The last problem focuses on using the Shiny app at https://keeganhines.shinyapps.io/bias_variance/Links to an external site.. Before working on this problem, load the app, read the explanation, play with the slider and the “Generate New Data” button, and answer the questions at the bottom of the page (“Check your understanding”) for yourself or discuss them with others.

This problem is worth 10 points (2 points for each part).

Model complexity = degree of the polynomial that is being fitted.

  1. a) Make 10 different simulations with model complexity = 1. Compute the average Residual SSE. Also find the approximate range of the highest order coefficient for these 10 simulations. This is a measure for the baseline variance for a low complexity model.

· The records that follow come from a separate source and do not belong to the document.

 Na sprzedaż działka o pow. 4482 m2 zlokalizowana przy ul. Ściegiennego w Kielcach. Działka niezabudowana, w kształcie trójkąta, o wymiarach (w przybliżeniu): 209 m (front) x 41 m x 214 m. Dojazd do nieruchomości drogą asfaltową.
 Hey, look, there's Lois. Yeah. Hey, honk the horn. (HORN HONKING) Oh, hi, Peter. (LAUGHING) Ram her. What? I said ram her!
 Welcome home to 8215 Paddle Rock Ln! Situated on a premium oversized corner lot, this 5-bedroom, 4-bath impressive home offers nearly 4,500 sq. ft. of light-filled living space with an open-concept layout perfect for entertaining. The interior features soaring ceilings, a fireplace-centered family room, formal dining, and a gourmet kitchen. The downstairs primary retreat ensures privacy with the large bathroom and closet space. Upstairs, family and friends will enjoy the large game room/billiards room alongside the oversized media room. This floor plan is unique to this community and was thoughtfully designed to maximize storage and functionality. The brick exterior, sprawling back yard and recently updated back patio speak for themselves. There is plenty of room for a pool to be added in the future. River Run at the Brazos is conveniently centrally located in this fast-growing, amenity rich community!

  2. b) Make 10 different simulations with model complexity = 3. Compute the average Residual SSE. Which coefficient has the largest range in this case? What is that range? This is a measure for the variance for a medium complexity model.

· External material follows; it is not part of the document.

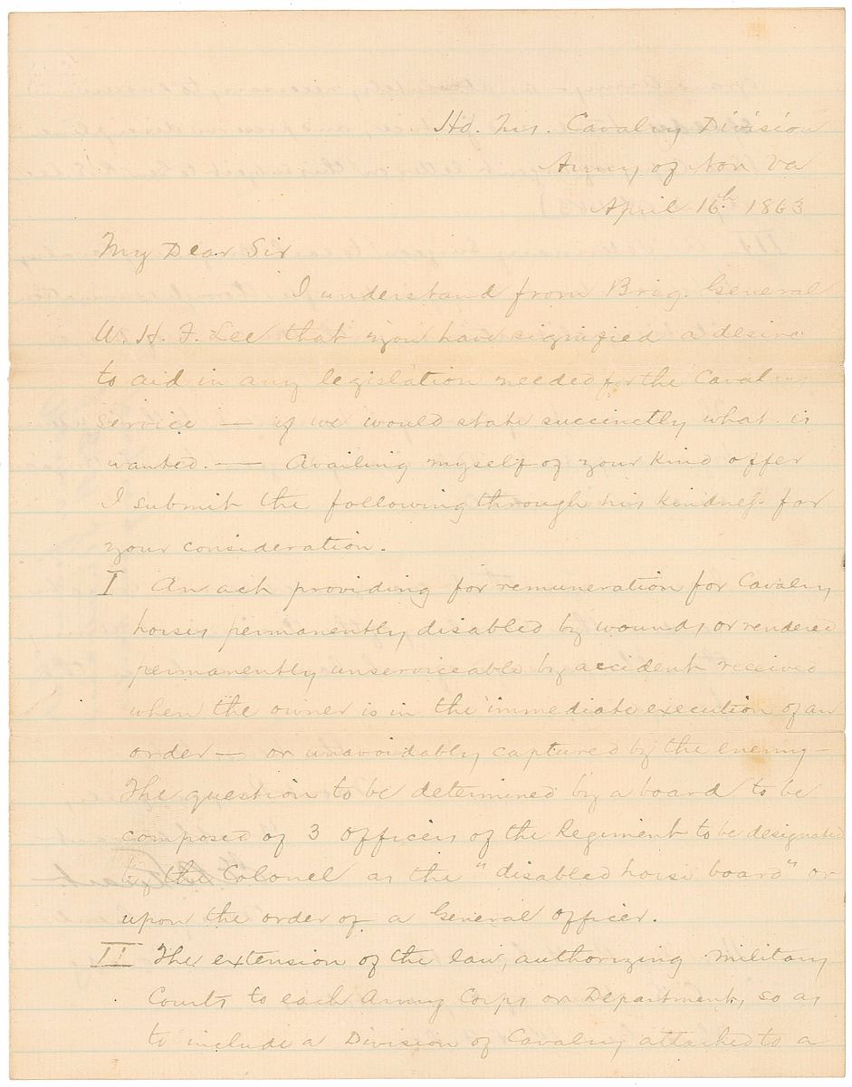 Fabled Confederate general (1833–1864) best known for his consummate skill in reconnaissance and as a cavalry officer. After leading successful offensive actions during the Northern Virginia Campaign—as well as a ‘late,’ disastrous showing at Gettysburg, which led to a personal rebuke by Lee—Stuart was killed during the Overland Camqpaign at the age of 31. LS, one page both sides, 7.75 x 10, April 16, 1863. Letter to the Hon. Muscoe Russell Hunter Garnett, a Virginia Representative to the Confederate States Congress, concerning pending legislation regarding the cavalry and the care of horses, in full: “I understand from Brig. General W. H. F. Lee that you have signified a desire to aid in any legislation needed for the Cavalry service—if we would state succinctly what is wanted. Availing myself of your kind offer I submit the following through his kindness for your consideration. I. An act providing for remuneration for Cavalry horses permanently disabled by wounds or rendered permanently unserviceable by accident received when the owner is in the immediate execution of an order—or unavoidably captured by the enemy. The question to be determined by a board to be composed of 3 officers of the Regiment to be designated by the Colonel as the 'disabled horse board' or upon the order of a General officer. II. The extension of the law, authorizing military courts, to each Army Corps or Department, so as to include a Division of Cavalry attached to a grand army—as absolutely necessary to ensure speedy trial and justice, and preserve discipline. (See copy of urgent letter on this subject to Gen. R. E. Lee, April 9th, 1863). III. A Veterinary Surgeon to each Brigade of Cavalry, to be selected and appointed after thorough examination into his qualifications, with the rank of Major. The amount of saving in horse flesh to the Confederacy by a competent Veterinary Surgeon to each Brigade would be incredible. I assure you that no greater service could be rendered the cavalry of the Provisional Army than the passage of such laws as embrace the foregoing.” In very good condition, with small edge separations at folds, mild soiling, near-complete separation to adjoining fold of blank second integral sheet, and overall writing light but legible; Stuart’s signature is strong and bold.

  3. c) Repeat this for model complexity = 15. Which coefficient has the largest range for these 10 simulations? What is that range?
  4. d) How do your results illustrate the bias – variance trade-off? The answer should be a short paragraph.
  5. e) For which model complexity do you typically obtain a curve which is most similar and overall close to the unknown curve that is to be estimated? Try multiple simulation for several different model complexities, summarize what you see, and explain your answer. Pictures or numerical results are not required.